The advanced learner's dictionary is the most common type of monolingual learner's dictionary, that is, a dictionary written in one language only, for someone who is learning a foreign language. It differs from a bilingual or translation dictionary, a standard dictionary written for native speakers, or a children's dictionary. Its definitions are usually built on a restricted defining vocabulary. "Advanced" usually refers learners with a proficiency level of B2 or above according to the Common European Framework. Basic learner's dictionaries also exist.
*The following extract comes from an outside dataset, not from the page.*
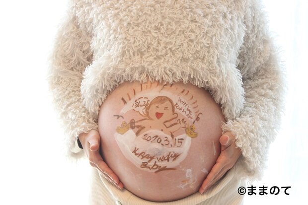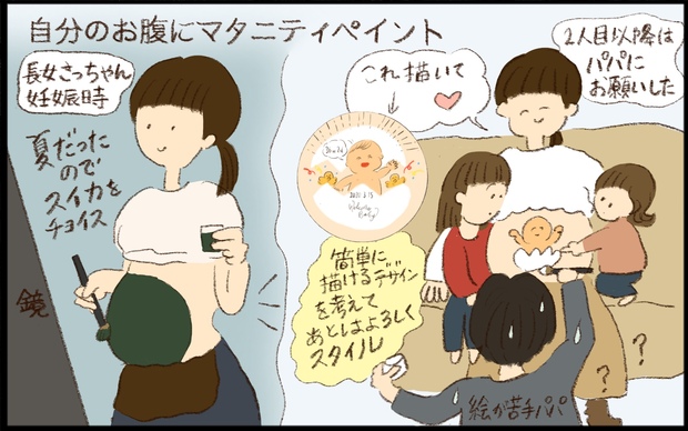 おおもりさんに許可をいただき、エッセイ内で紹介したマタニティペイントとフェイスペインとの様子をお届けします。

Although these advanced dictionaries have been produced for learners of several languages (including Chinese, Dutch, German, and Spanish), the majority are written for learners of English.

==Printed==
The best-known advanced learner's dictionaries are:
- Oxford Advanced Learner's Dictionary, first published in 1948
- Longman Dictionary of Contemporary English, first published in 1978
- Collins COBUILD Advanced Learner's Dictionary, first published in 1987
- Cambridge Advanced Learner's Dictionary, first published in 1995 as the Cambridge International Dictionary of English
- Macmillan English Dictionary for Advanced Learners, first published in 2002
- Merriam-Webster's Advanced Learner's English Dictionary, first published in 2008

The Macmillan dictionary is no longer being maintained: it went online-only in the 2010s and shut down entirely in 2023. So there are four popular learner's dictionaries for British English that are still active, while Merriam-Webster's aims for American English in particular.

==Online==
Online dictionary resources provide attractive support to advanced learners. The Open Dictionary of English is specifically designed to serve as a learner's dictionary. Visitors can register for free, adaptive tutoring, which seamlessly integrates with the dictionary.